When Women Get In Power
SOS:34
Lyric:
When Women Get In Power (composer and lyricist unknown)
Some fine morning we’ll all awake, find a stand that the women’ll take
Change this world all upside down, we’ll have a lady mayor in every town
They’ll spend all the money that the poor men make, to run the country they’ll undertake
They say the men do not advance, it’s time for women to wear the pants
Some men will sit at home and fix, while the women talk politics
They’ll go inside the legislation walls, they say they’re goin' to make the laws
The old maids will be in power then, they say they’ll marry all the single men
And the man that refuses to take a wife will have to go to the pen for life
Well, The men will have to take back seats while the women police the streets
Then you’ll dare not smoke or chew, for you’ll catch it if you do
They’ll be runnin the courts you see, judge and jury they will be
What she says will have to go when we poor men can't stand no show
Now here’s to you poor married men, by nine o’clock you'd better be in
She’ll search your pockets and if you ain’t right, she’ll lick you if you come home tight
She’ll tell you that she’s boss now, there’ll be no use to rage around
You have to obey your mother in law and silent be unto her jaw
Now ever since the world began, the women have tried to rule the men
She made man commit the first offence and she’s been after man ever since
Now God made the word and he rested then, then he made a man and he rested again
Then he made a woman from man’s expense and neither God nor man have rested since
Credits:
Recorded November 1st, 2016 at home
Engineered by Sean Sullivan
Tim O’Brien – guitar and vocal
Song Notes
Like most everyone else on November 9th , I was surprised at who won the presidential election.
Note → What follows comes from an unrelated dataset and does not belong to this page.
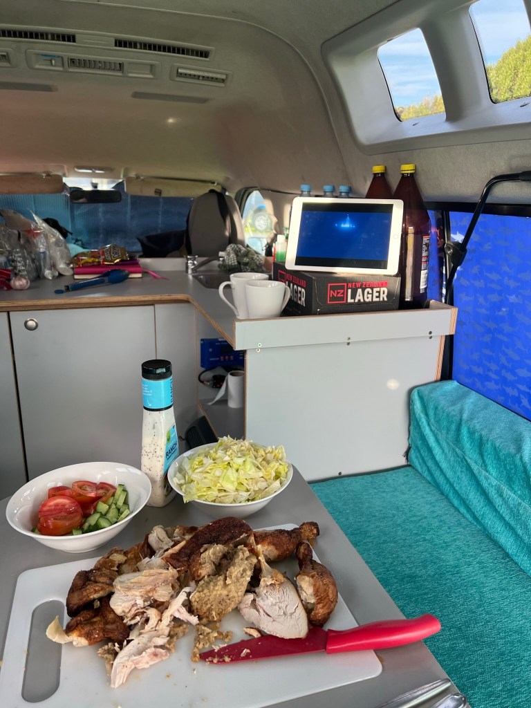 After collecting your van, I’d recommend choosing a site nearby so that you can grab the food you need from the supermarket or the camping essentials from The Warehouse or Bunnings. Both shops are close to Auckland airport! After we’d food shopped, camping shopped and fuelled up with petrol we were ready to get to our site and settle in. We settled on Arataki CSC Overnight Parking Area so we could unpack and settle before enjoying our first camping dins. It was a Low Cost Campsite, but it worked perfectly for us. I’ve linked the full list to our North Island Sites here.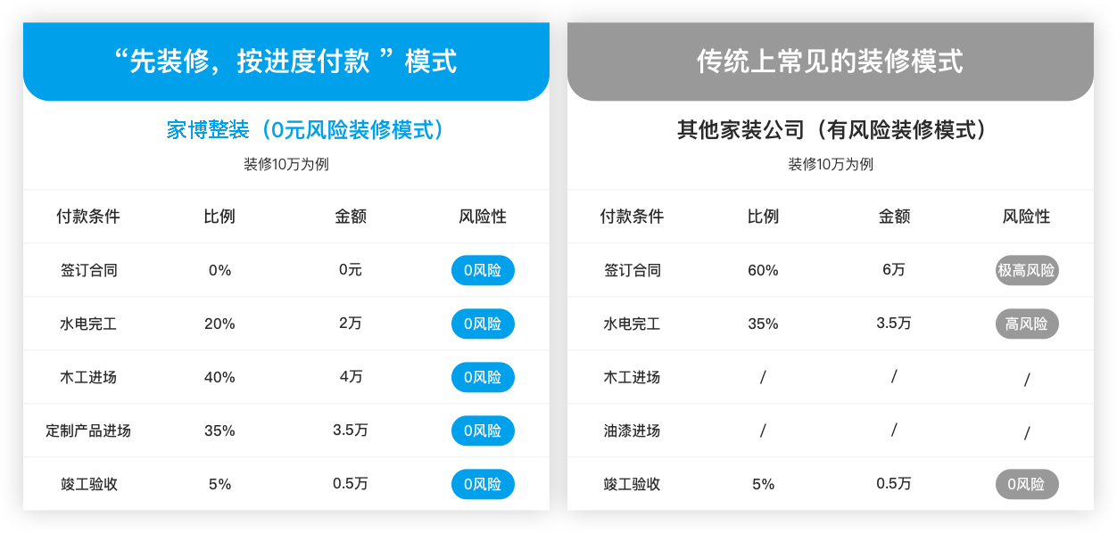 簽了合同,裝修公司給到業(yè)主的只是一紙合同、一個承諾!只有“先裝修,按進度付款”的模式,讓裝修公司先干活,業(yè)主后交錢,才是真正的0風險裝修!

Regardless of the result of that historic contest, or how you or anyone feels about it, this song’s lyric is still timely. While the lyric’s author is unknown, the subject matter refers to the idea of woman’s suffrage, which was brand new in the 1920’s. Of course nowadays, women not only can vote, they can become president. As Leadbelly said once, “They even have women that can drive airplanes!”
Blind George Reneau recorded a very similar piece in 1925, but my version comes from an August 1933 recording by West Virginia’s Bill Cox, the Dixie Songbird. Employed as maintenance man at the Ruffner hotel in Charleston, he would sometimes entertain patrons with his guitar and harmonica. IN 1927 the hotel started radio station WOBU, and Cox started performing in that new medium. His erratic attendance drew a suggestion from the station manager that Cox make some recordings so that they could play them when he was absent! In the end Cox recorded about 150 songs for various labels under various names. He wrote some fine original songs as well, including the well-known country standard Sparkling Brown Eyes. Doc Watson said he got the idea to play harmonica on a neck rack while simultaneously playing guitar from Bill Cox. Born August 4, 1897 in Eagle WV, he died in obscurity in Charleston on December 10, 1968.